Emmy Noether was born to a Jewish family in Erlangen, Germany, in 1882. Her father was a professor of mathematics at the University of Erlangen. She passed exams in French and English, qualifying her to embark on a teaching career at girls’ schools in Germany. She opted instead to follow her father’s footsteps and study mathematics at the University of Erlangen. At first, she was only allowed to audit classes, due to restrictions placed upon women. Eventually she was able to earn a doctorate in mathematics as Germany loosened its restrictions on women in higher education.

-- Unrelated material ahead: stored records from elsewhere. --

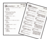
テスト・解答解説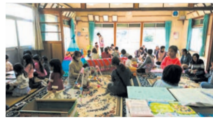
▲上府中地区 子育てひろばでの活動のようす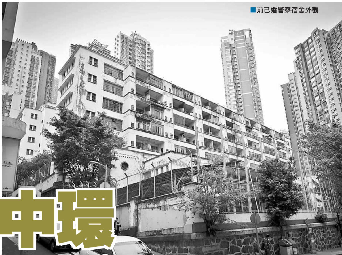
前已婚警察宿舍外觀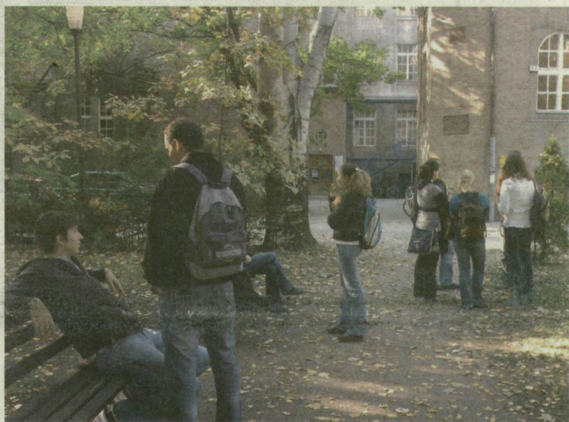
■ EGYETEMISTÁK A KÜLFÖLDI HALLGATÓK OKTATÁSI KÖZPONTJA ELŐTT; A NÉMET FIÚ HALÁLÁRÓL SOK A SZÓBESZÉD KÖZÖTTÜK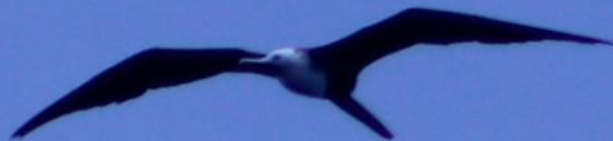
Fregata magnificens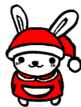
「うさのさん」 サンタ特別バージョン

今年も1年間ぼくのクロスワードにチャレンジしてくれてありがとう。今年は、下はようちえんやほいくえんの子から、上は中学生まで、幅広いさのっこからおうぼがあったのがうれしかったなあ。さあ、今年最後のパズルにちょうせんだ！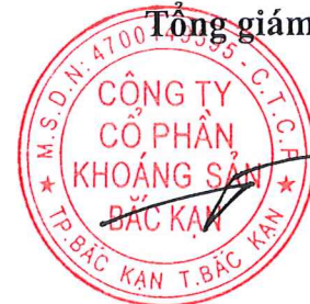
Đình Văn Hiến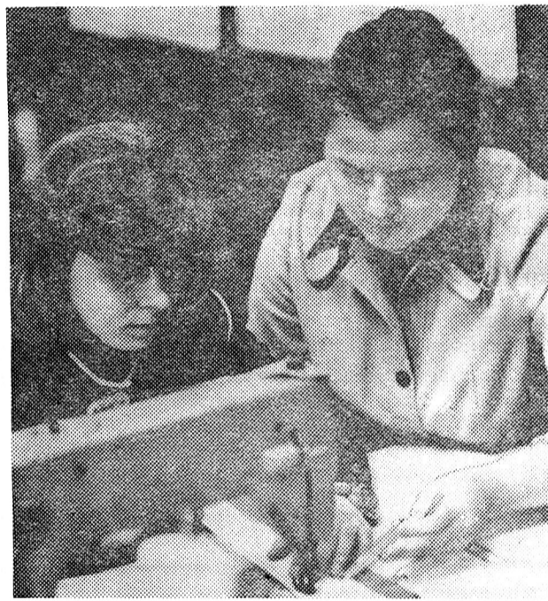
— Спасибі вам, наставники, — ці слова говорять майже всі виробничники, які вперше стають на самостійний трудовий шлях.

Завдяки добре налагодженому виробничому навчанню на Ужгородському УВП-2 значною мірою вирішується проблема кадрів.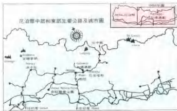
▲尼泊爾中部和東部主要公路及城市圖

從少年時代就一直嚮往印度、巴厘島、錫蘭、尼泊爾的佛教與印度教的遺跡和藝術，每從畫上看見圖片就神往不已。不過在二十年前，出國旅行的費用高得不敢想像，出國觀光旅行也尚未開放，想要到那些嚮往的土地上徜徉，根本是一種夢想。如今，情勢轉移，出國旅行已經成為台灣人度假的普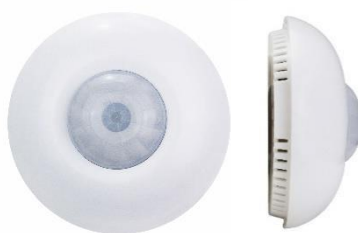
Stropní interiérový senzor 7 v 1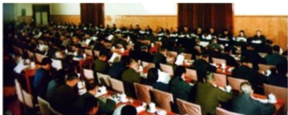
中共十一届三中全会会场

材料三 2013年习近平在十二届全国人大一次会议上深刻阐述了中国梦的宏伟蓝图，强调中国梦就是要实现国家富强、民族振兴、人民幸福；实现中国梦，必须走中国道路，弘扬中国精神，凝聚中国力量；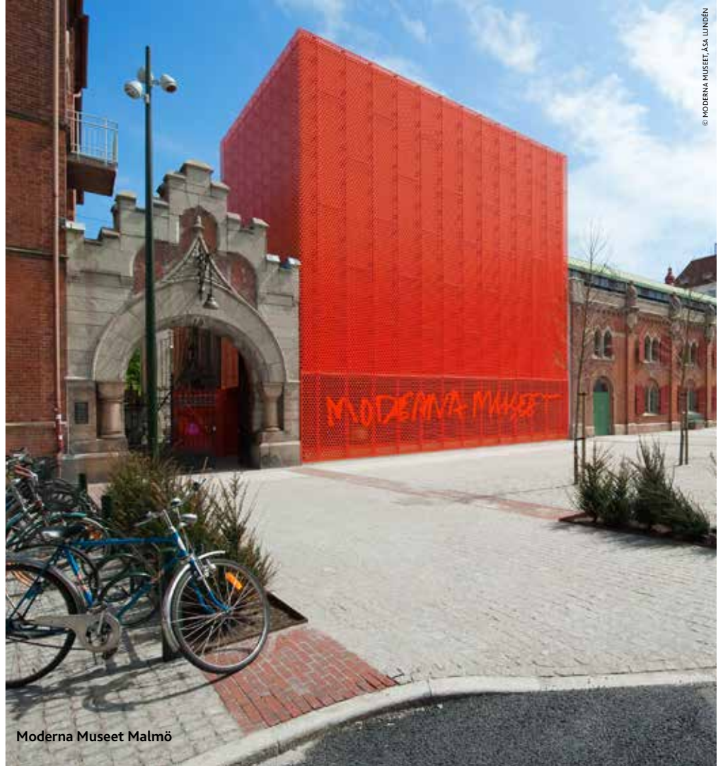
Moderna Museet Malmö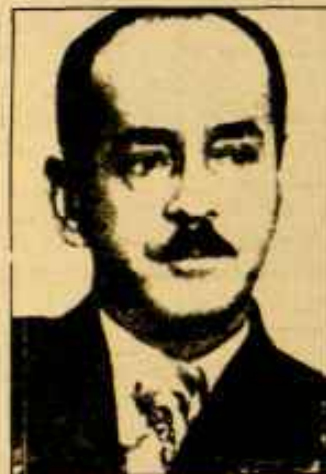
El Presidente Hugo Banzer

Esta fábrica de calzados es subsidiaria del consorcio inglés que opera en América Latina con la denominación genérica de "BATA". Se instaló en Bolivia hace 35 años, expandiendo sus operaciones continuamente a costa de la quiebra de otras fábricas pequeñas (Plus Ultra, Zamora, Tardío, etc.) Durante el gobierno del MNR, la Mónaco se introdujo en las minas nacionalizadas, beneficiada con una especie de monopolio. Pero además de copar el mercado interno, esta empresa se especializó en fabricar calzado fino para la exportación, especialmente a Europa, aprovechando el bajo precio de la materia prima y los reducidos salarios que paga.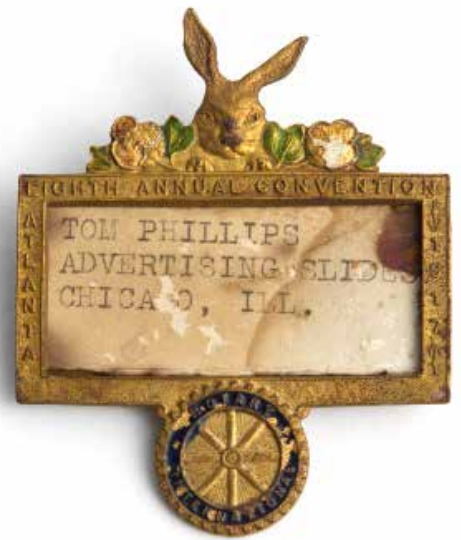
1917年アトランタ大会 で使われたネームバッジ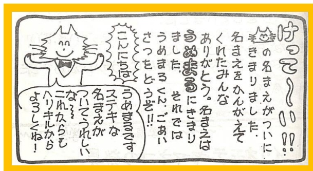
1981ねん5がつ。だい13ごう。うめっこができて1ねん。なまえが「うめまる」にきました。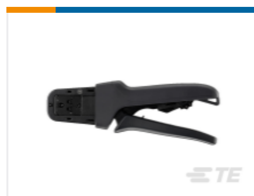
TE 产品编号DTT-20-03 CRIMP TOOL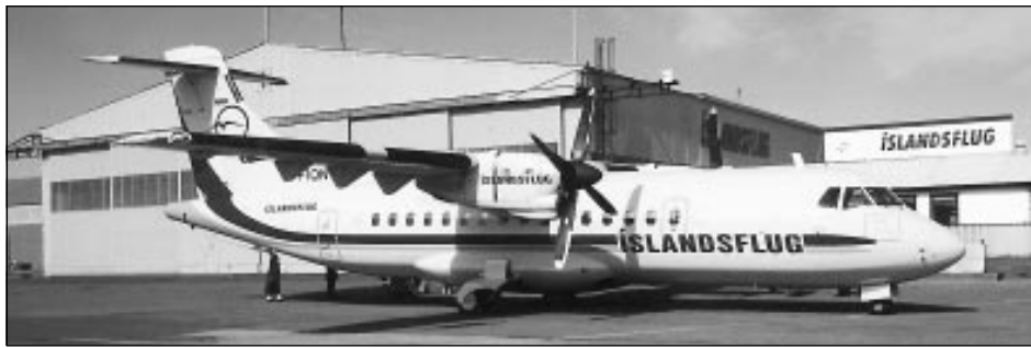
ATR 42 flugvél Íslandsflugs.

Félagið flýgur áætlunarflug til tíu staða hér á landi og rekur umsvifamikið leiguflug, bæði innanlands og utan, einkum til Grænlands. Félagið flutti 53 þúsund farþega á síðasta ári og hafa þeir aldrei verið fleiri. Á síðasta ári tók félagið í notkun nýja flugvél af gerðinni ATR 42, sem var hrein viðbót við flugflota félagsins. Með tilkomu hennar þrefaldaðist rým-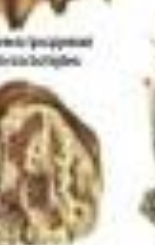
Лишайник обыкновенный Cladonia ciliata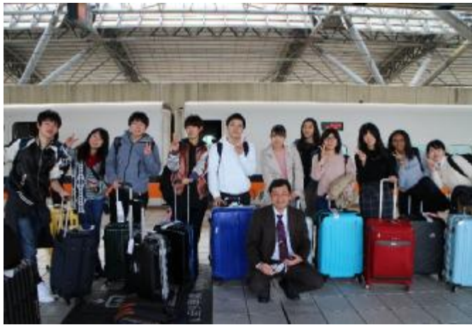
台湾で移動中の様子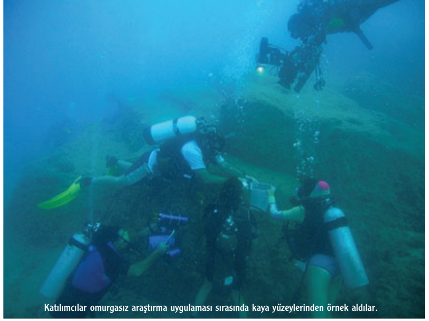
Katılımcılar omurgasız araştırma uygulaması sırasında kaya yüzeylerinden örnek aldılar.

yüzlerine taktıkları maskelerin içine su doldurmaları istendi. İçi suyla dolu maskeyle konuşmaları da istenen katılımcılar burundan nefes almayı kontrol etmeye çalıştılar. Daha sonra sualtında maskenin içine su girerse, yüze çıkmadan nasıl boşaltılacağı öğretildi. Bunun bir ileri aşaması olan maskeyi suya atma, dalıp maskeyi bulma ve sualtında boşaltıp yüze çıkma çalışması da yaptırıldı. İlk gün, tüplü dalış malzemelerinin dalıştan önce nasıl bağlanacağı öğretilerek bitirildi. Kampın ikinci gününde tüplü dalış eğitimi verildi. Dalışlar Türkiye Sualtı Sporları Federasyonu'nun (TSSF) önermiş olduğu eğitim sistemine uygun olarak verildi. İlk üç gün boyunca bilimsel dalgıç adayı olacak olan katılımcılara sualtında tüpten gelen havayı soluma, maskeden su boşaltma, maskesiz nefes alıp verme, sualtında dengede kalma, dalış eşiyile hava paylaşımı gibi temel dalış becerileri katılımcılara kazandırıldı. Dalış eğitiminin sonunda katılımcılar 18 metre derinliğe kadar indiler ve dalış eğitimini tamamladılar. Toplam 6 dalış sonunda tüm becerileri kazanan dalgıçlar, sualtında kendi kendilerine yetecek duruma geldiler.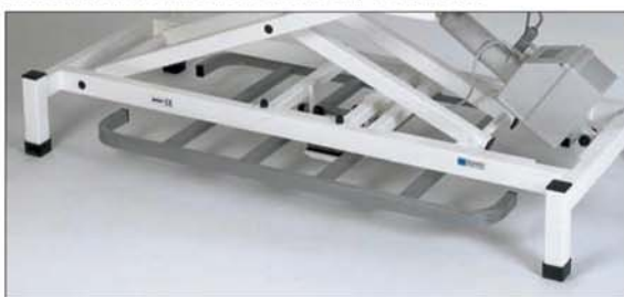
längsseitiger Fußbetätigungsrahmen, auch nachrüstbar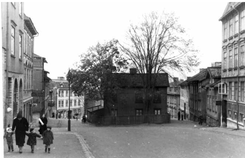
Paradisgatan 5 mot norr. Otto Thulins bild från 1935, vid en inventering inför eventuell sanering i Masthugget samt 1936, efter rivningen.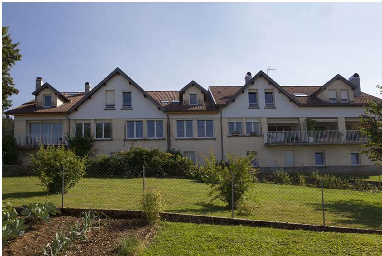
Ateliers de fabrication : façade postérieure.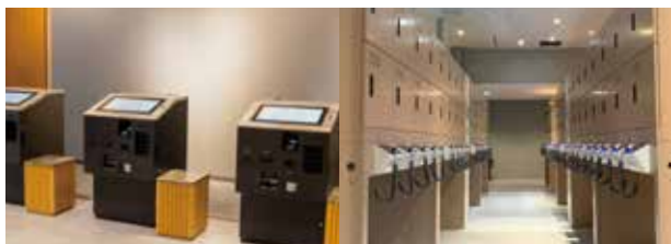
セルフチェックイン・チェックアウト機

新宿を活動拠点にしたビジネス、観光でのスマートな滞在をサポートいたします。 各種アメニティーもご用意しており、快適にお泊りいただけます。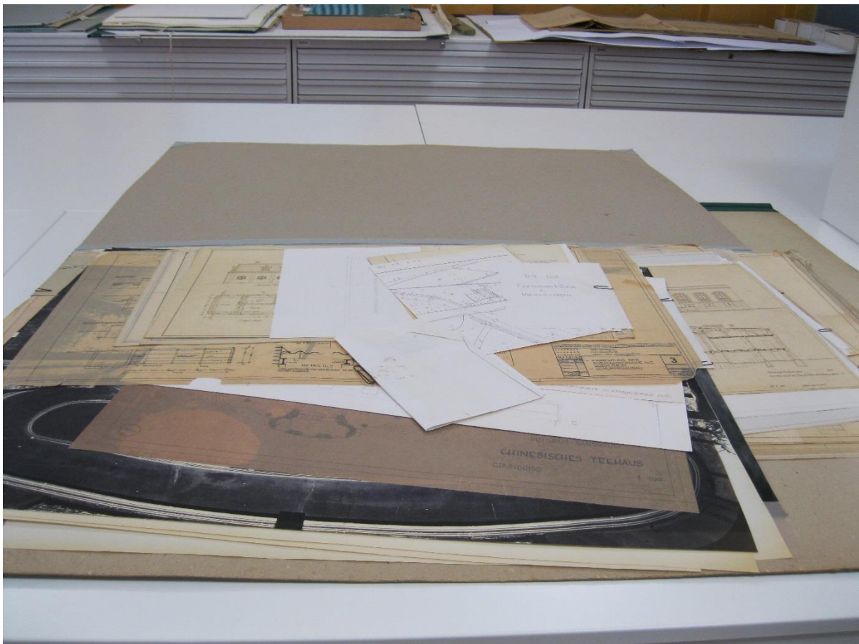
Abb. 1, Zustand der Mappen vor Projektbeginn.

Im Fachbereich Dokumentation der Stiftung Preußische Schlösser und Gärten Berlin-Brandenburg (SPSG) wird eine Plansammlung betreut, die gegenwärtig einen Umfang von mehr als 16.000 großformatigen Architektur-, Garten- und Leitungszeichnungen besitzt. 1 Davon kamen nach dem Umzug des Fachbereichs in den 2017 fertiggestellten Archivneubau auf dem Gelände des Wissenschafts- und Restaurierungszentrums (WRZ) der Zimmerstraße in Potsdam ca. 8.500 Pläne hinzu. Dieser neue Bestand konnte bis Ende 2017 auf nun lange Zeit gesichert werden. Das war nicht zuletzt durch die umfangreiche Mitwirkung von Friederike Hausmann, Sarah Michel und Julia Geiger, die im Rahmen eines Bundesfreiwilligenjahres bzw. als Praktikantin für Archivwissenschaften in der Plansammlung für dieses Projekt tätig waren, möglich.

Because of her gender, Emmy was initially unable to get a paid teaching position in mathematics. So, she supervised doctoral students for no pay. The mathematics faculty at the University of Göttingen invited her to join their ranks, but the philosophy faculty blocked her from having a formal position. So, her colleagues arranged for her to teach, still without pay, by listing her courses under the name of a male colleague. Several years later, she was finally able to teach without pay under her own name. Eventually, in 1922 she was awarded a small salary.

Despite these obstacles, Emmy was able to make important contributions to abstract algebra and theoretical physics. She proved two theories, for example, that were fundamental for understanding both general relativity and particle physics. Her career is notable for major contributions in three major areas of mathematics. It’s rare for a person to achieve a major breakthrough in any one area, never mind achieving this in three different areas. Her work is so significant that it is still cited today in each of these domains.

In 1933 the newly installed Nazi government withdrew the right of Jews to hold government positions—which included university faculty positions. Despite her eminence in mathematics, Emmy’s Jewishness meant she was forced out of her university position. Emmy knew that she needed to leave Germany.

Emmy, supported by a special fund for German scholars who became refugees due to the Nazi regime, soon emigrated to the US, where she accepted a position at Bryn Mawr. While at Bryn Mawr, she mentored four women in mathematics as she started this new phase of her life. Unfortunately, she died from surgical complications just two years later.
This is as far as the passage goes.